#### Listed records:
##########
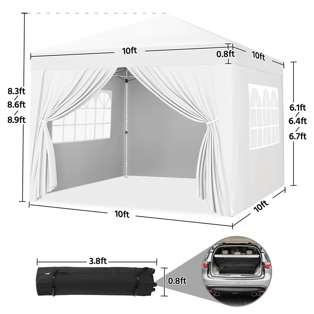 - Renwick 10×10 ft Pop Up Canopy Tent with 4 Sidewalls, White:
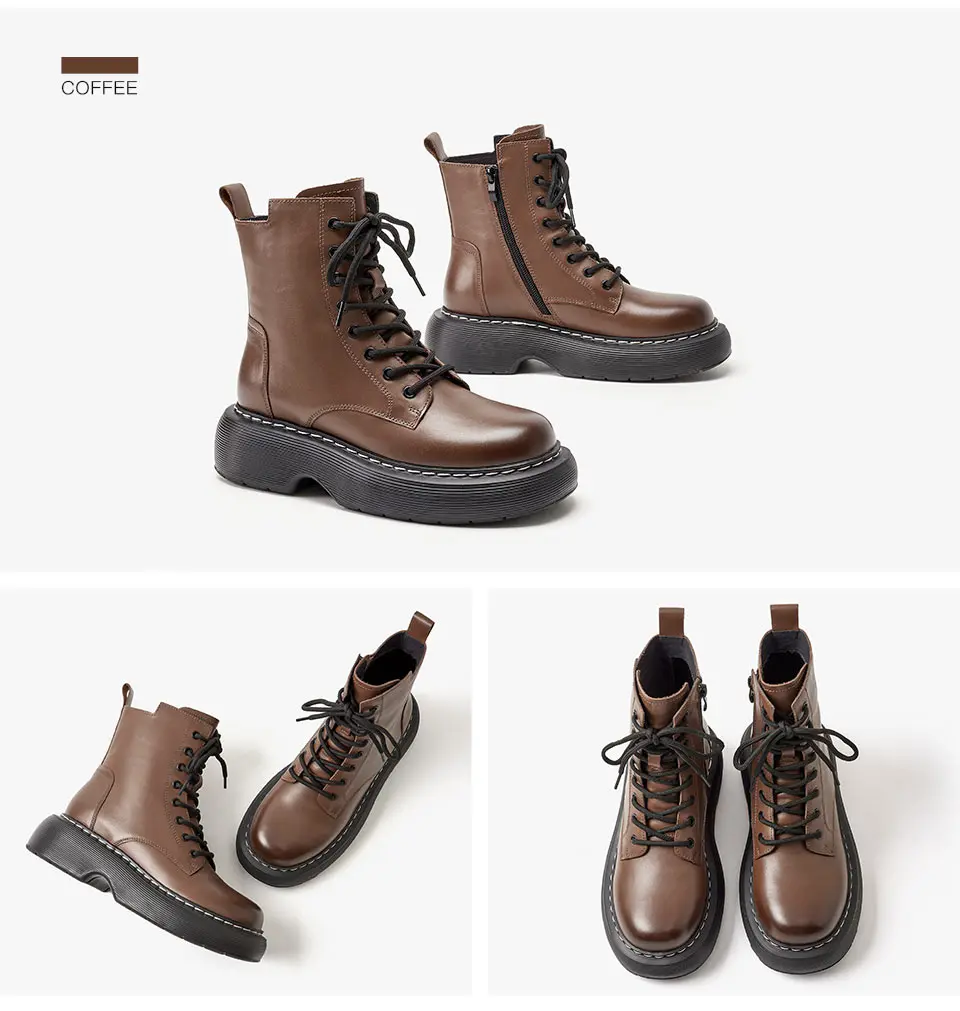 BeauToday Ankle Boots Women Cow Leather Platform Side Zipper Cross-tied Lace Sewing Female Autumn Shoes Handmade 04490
##########
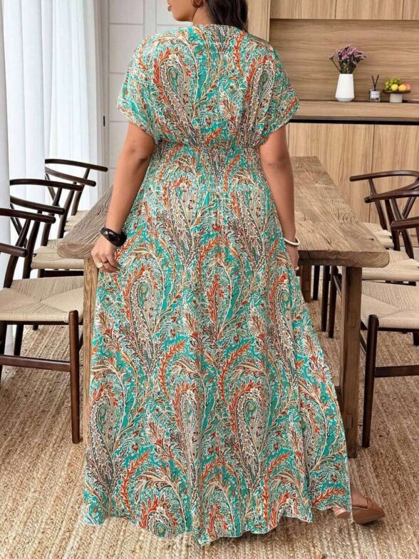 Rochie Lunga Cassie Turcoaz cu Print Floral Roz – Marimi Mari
##########
#### What you should do:
Having found the line with "- Renwick 10×10" and the line with "BeauToday Ankle Boots" in the material above, write out exactly those two and every line between, leaving the pictures out.

#### Solution to this problem:
 - Renwick 10×10 ft Pop Up Canopy Tent with 4 Sidewalls, White:
 BeauToday Ankle Boots Women Cow Leather Platform Side Zipper Cross-tied Lace Sewing Female Autumn Shoes Handmade 04490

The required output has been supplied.